One of the major problems arising in the use of centrifugal vapor compressors for applications where the compressor load varies over a wide range is flow stabilization through the compressor. The compressor inlet, impeller and diffuser passages must be sized to provide for the maximum volumetric flow rate desired. However, when there is a low volumetric flow rate through such a compressor, the flow becomes unstable. Specifically, as the volumetric flow rate is decreased from a stable range, a range of slightly unstable flow is encountered. In this range, there appears to be a partial reversal of flow in the diffuser passage, creating noise and lowering the compressor efficiency. Below this range, the compressor enters what is known as surge, wherein there are periodic complete flow reversals in the diffuser passage, destroying the efficiency of the compressor and endangering the integrity of its elements.
Most centrifugal compressors employed in refrigeration systems are designed to rotate at a fixed operating speed. Capacity control of the machine is normally accomplished by varying the position of a series of adjustable guide vanes located at the inlet of the machine. The mass rate of flow of refrigerant delivered to the impeller is thus varied to meet the changing load demands made on the machine. At maximum flow, the refrigerant leaving the impeller is more than the diffuser can handle and the flow becomes choked at the diffuser throat. At lower flow rates, on the other hand, the flow of refrigerant moving through the diffuser becomes unstable and a partial flow reversal takes place producing noise and a dramatic reduction in machine efficiency.
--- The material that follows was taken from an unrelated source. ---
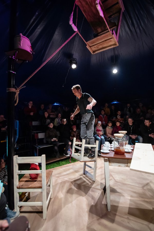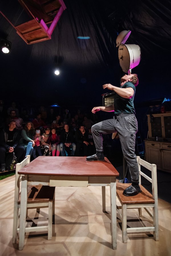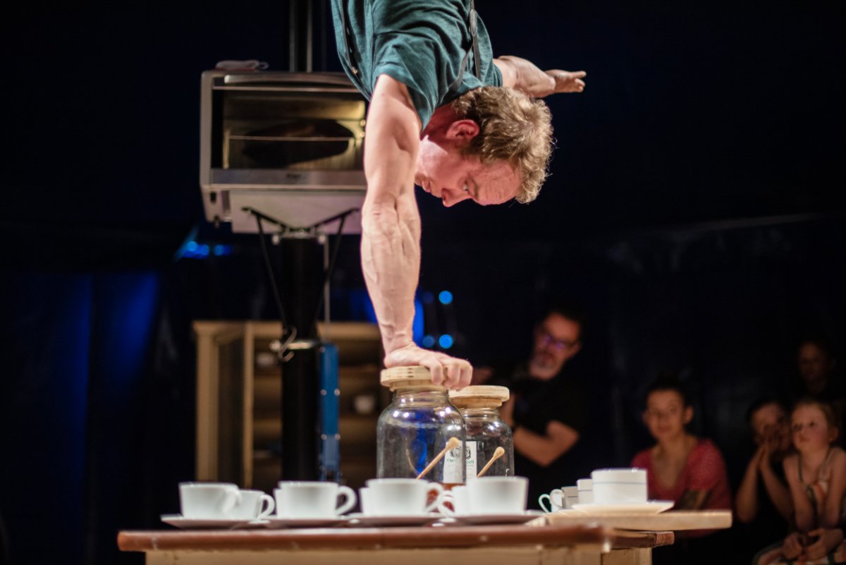 Rodinná akrobaticko-kuchařská show ve vlastním šapitó je oslavou tradičního i nového cirkusu. Teacrobat je humorné sólo v akrobatově kuchyni, kam zve na pořádnou porci zábavy a voňavý perník. Svou manéž artista vybavil kredencí, špajzkou, nechybí stůl ani židle a mezi vším se navíc udržuje v kondici! Cvičí, protahuje se, balancuje s věcmi, překonává výškové rozdíly, a to hravě a s lehkostí. Štědrý hostitel nabízí bohatou paletu cirkusového umění, jehož pochoutky servíruje formou výstupů při vykonávání každodenních činností, které zahrnují přípravu pohoštění. V představení se hlavní a jediný hrdina otáčí nejen s vařečkou a okolo čajových šálků, ale také se ukazuje jako excelentní ekvilibrista, fenomenální stojkař a roztomilý klaun. Autorský projekt Teacrobat je příběhem velkého cirkusového snu o vlastním šapitó. Michal Mudrák si nechal na míru ušít stan a nejen, že si jej umí postavit, ale celé představení si odehraje, odzvučí i odsvítí. Pak zabalí, zbourá a jede dál… V Dánsku získal cenu Den Danske Cirkuspris.

Eventually a complete reversal in flow is experienced whereupon the compressor stalls or surges. The range between a choke condition and the onset of a surge condition generally defines the operating range of the machine. In a compressor relying solely upon the inlet guide vanes for capacity control, this range is narrow, particularly when vanes are used in the diffuser.
Since a wide range of volumetric flow rates is desirable in many compressor applications, numerous modifications have been suggested to improve flow stability at low volumetric flow rates. As explained above, the prior art has attempted to control surge in centrifugal compressors by providing variable guide vanes that control the flow of refrigerant through the compressor. While this technique has helped, it has not been completely effective, as fluid flow through the diffuser accounts for most of the conditions that cause surge.
U.S. Pat. No. 5,807,071 issued to Brasz et al., which is incorporated herein by reference, discloses a variable geometry pipe diffuser for a centrifugal compressor that provides improved control of compressor performance under changing loads, to thus avoid instances of surge. The variable diffuser includes inner and outer rings having complementary inlet flow channel sections formed therein. The inner and outer rings are rotatable with respect to one another, thereby allowing for the adjustment of fluid flow through the flow channels.
While the variable diffuser disclosed in Brasz et al. provides a significant improvement in the art, it attempts to solve the surge problem independently of the variable guide vanes of the compressor. Specifically, the guide vanes and the diffuser are adjusted independently of one another, and this independent adjustment is incapable of maintaining maximum efficiency and avoiding surge completely. There still remains, therefore, a need for an efficient manner of controlling interaction between variable guide vanes and the variable diffuser of a centrifugal compressor in order to avoid instances of surge under changing load conditions.